Encapsulated PostScript (.eps)
The wonder file. This format is useful for both vector and bitmap graphics. Eps files contain a PostScript description of the data that makes up the graphic. Eps files can be employed for vector graphics, bitmap graphics, type or entire pages of a document. This format is for printing.
Tagged-Image File Format (.tif)
This is a bitmap format that is supported by nearly every graphics application around. This is what you want for print executions.
Graphic Interchange Format (.gif)
This format uses a fixed colour palette (just 256 colours) and heavy compression for smaller files and faster downloads. BUT, you will see degradation of photographs so best to use with images with areas of solid colours or solid logos. Also very useful format for creating animations with very little filespace. Animated gifs are little slide shows that play two or more gifs in sequence. These can repeat and can also have “transition slides” between gifs. This is a web only format and not recommended for print.

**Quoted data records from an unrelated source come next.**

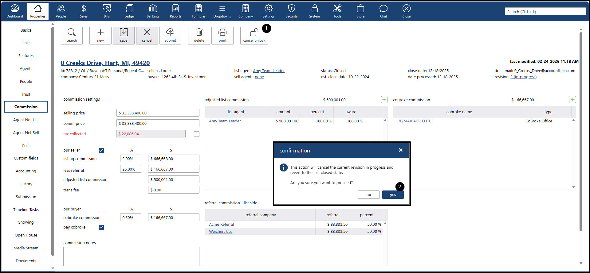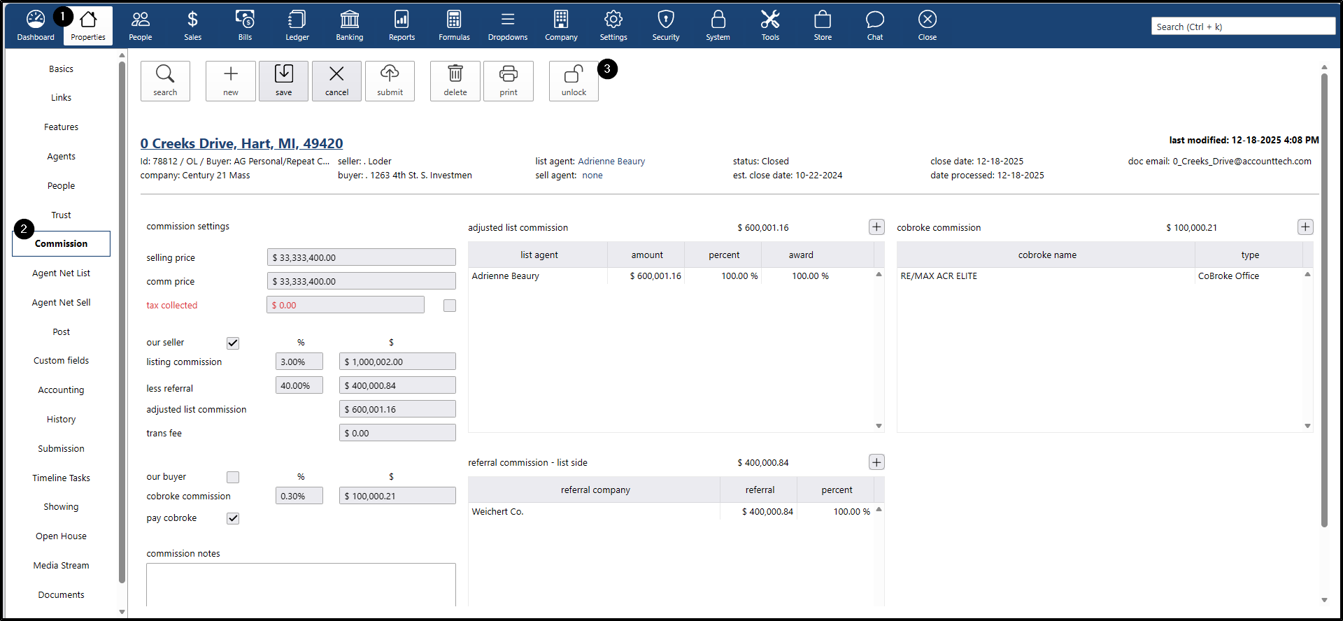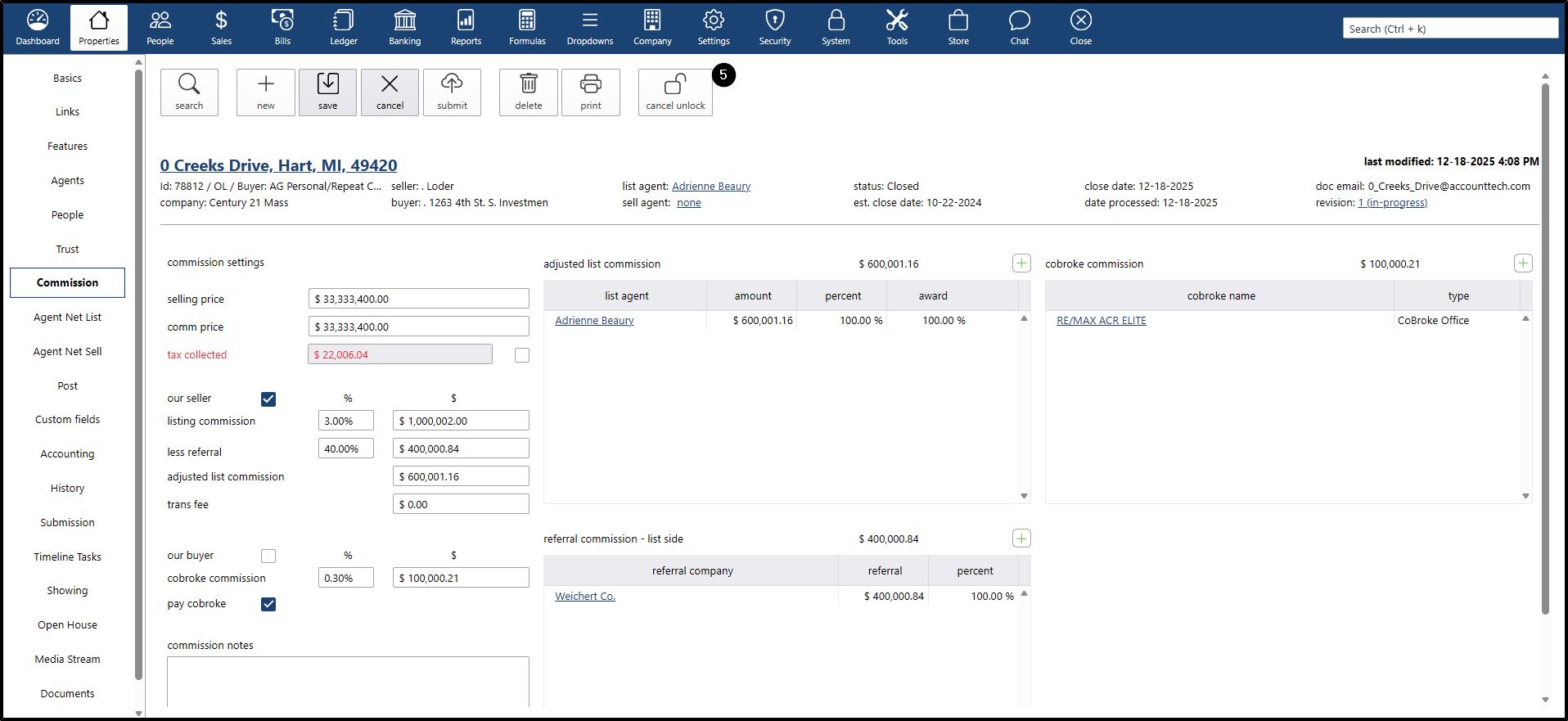 - If you want to change the commission percentage for the listing agent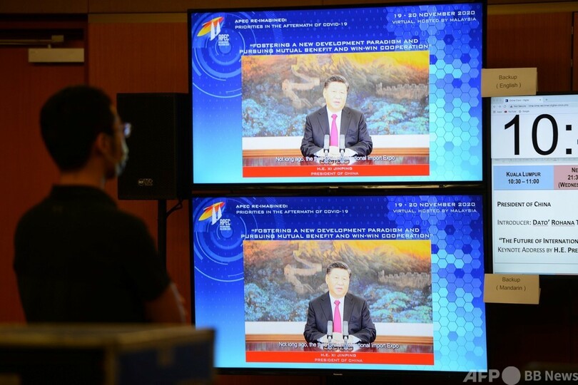 【11月19日 AFP】中国の習近平(Xi Jinping)国家主席は19日、オンラインで開催されているアジア太平洋経済協力会議(APEC)の会合で、中国は「開かれた」貿易を進めていくとし、保護貿易主義に警鐘を鳴らした。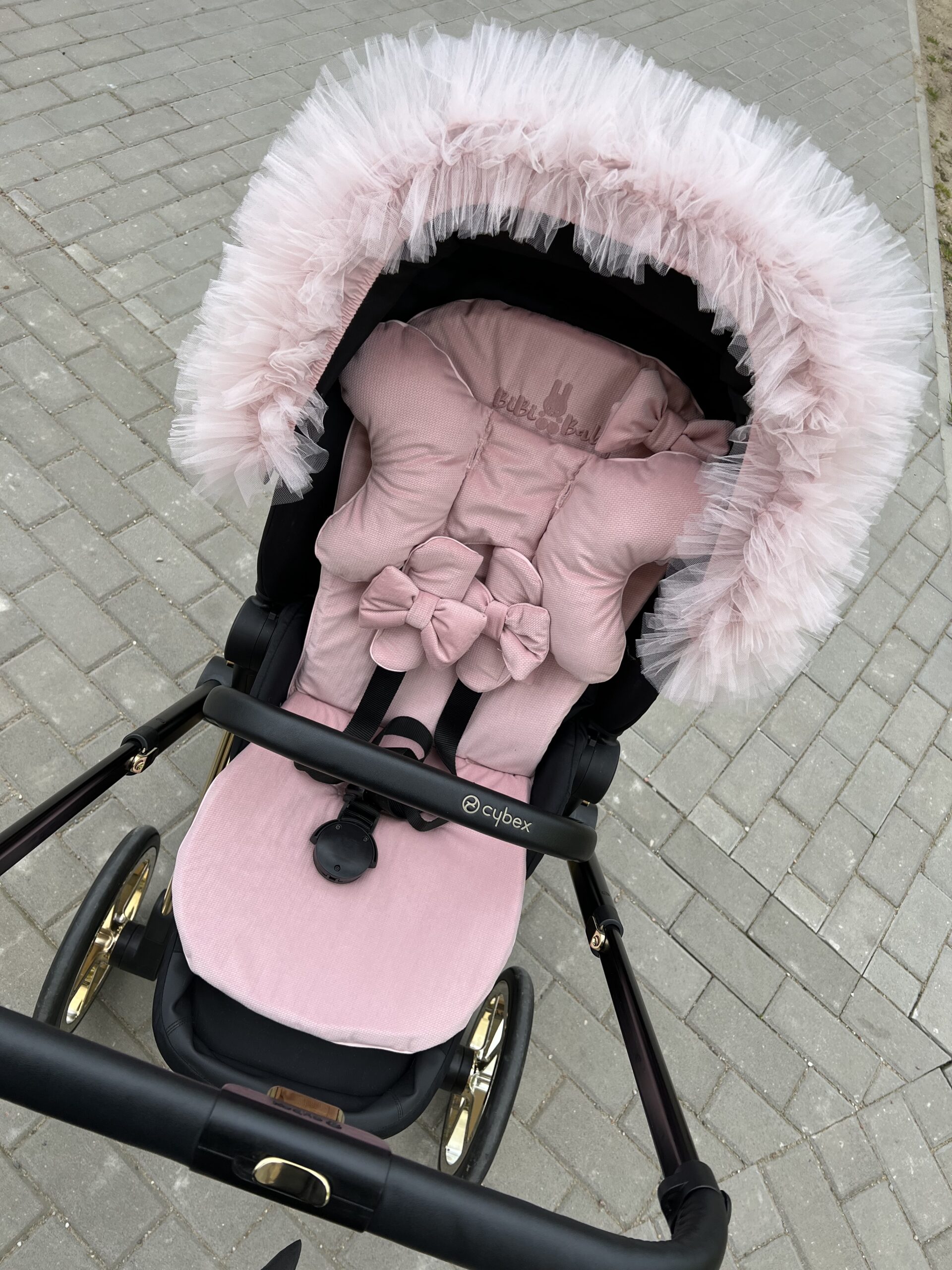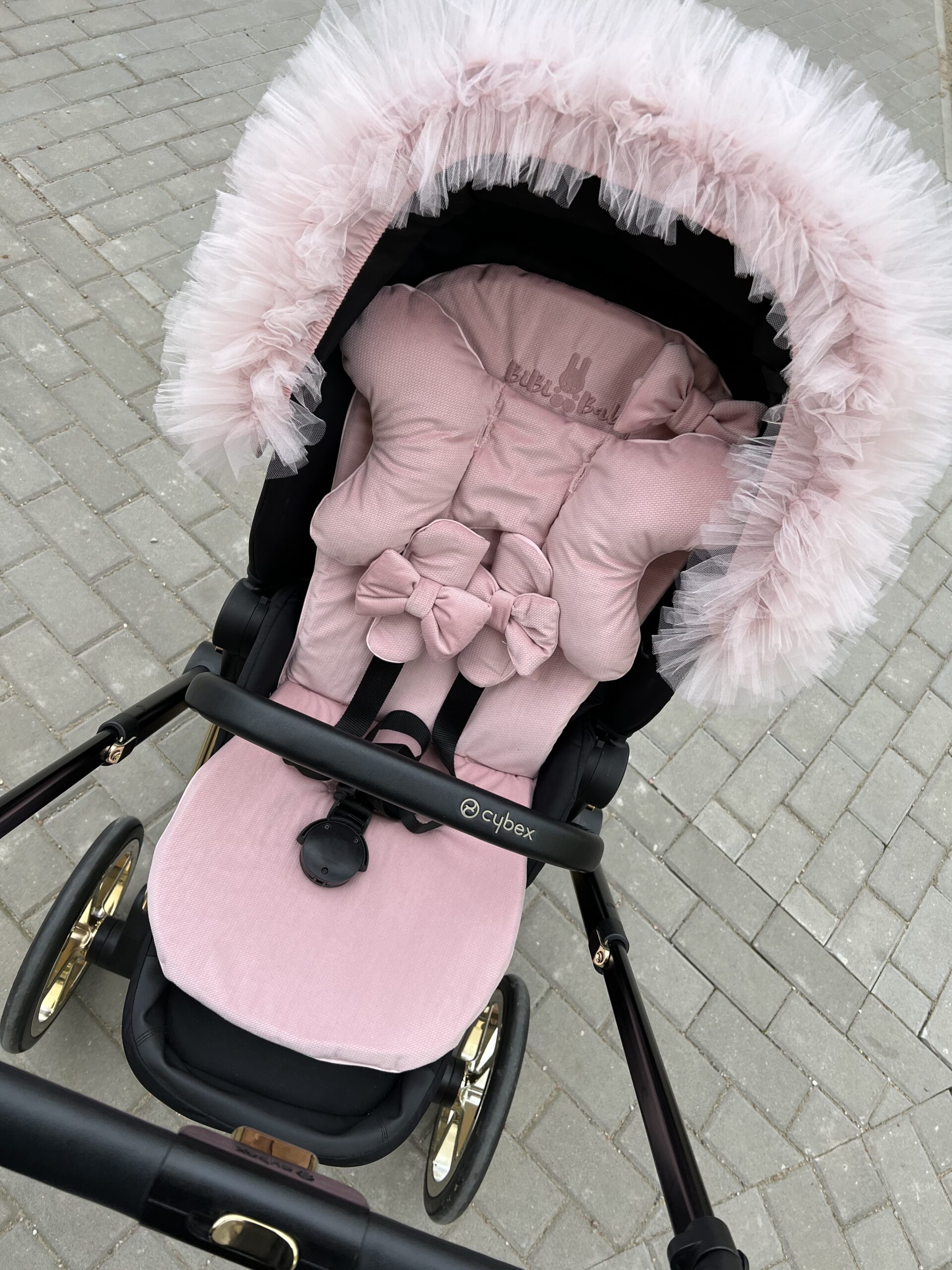 - Wkładka do wózka – uniwersalna – jedna strona piękny milutki velvet- z drugiej strony bawełna 100 %- wkładka posiada otwory na pasy, – wykończenie ozdobną złotą lamówką, która nadaje niezwykłej elegancji i szyku,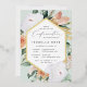 L'élégante invitation à la confirmation florale présente un cadre hexagonal allongé de fleurs d'aquarelle et de feuillage dans des teintes de pêche, blanc, ivoire et vert sauge inspirées du désert de saumons boho, et finie par un garnissage en feuille d'or. Personnalisez avec votre cérémonie de l'église et les détails de la fête de confirmation dans des lettres modernes.

Joint Photographic Experts Group (.jpg)
Everyone knows what a jpeg is but many are unaware that the data removed in compression is lost permanently. JPG uses Discrete Cosine Transformation to compress an image, replacing groups of pixels with patterns. This format is used for continuous tone photographic images. The JPEG format can take advantage of the full spectrum of colours available to your monitor. JPEGs use compression for smaller files and faster downloads BUT unlike GIF files, the JPEG compression is “lossy” which means it turfs data in the process. When you pull a jpeg off your camera, save a master if you decide to edit it. Use for web or convert to .tif to use for print.
Portable Network Graphics (.png)
This is a bitmapped image format that delivers lossless data compression. PNG was created to improve upon and replace GIF as an image-file format not requiring a patent license. Yay! PNG supports palette-based greyscale, RGB and RGBA images. PNG was designed for transferring images on the web, not for print graphics, so no dice for CMYK.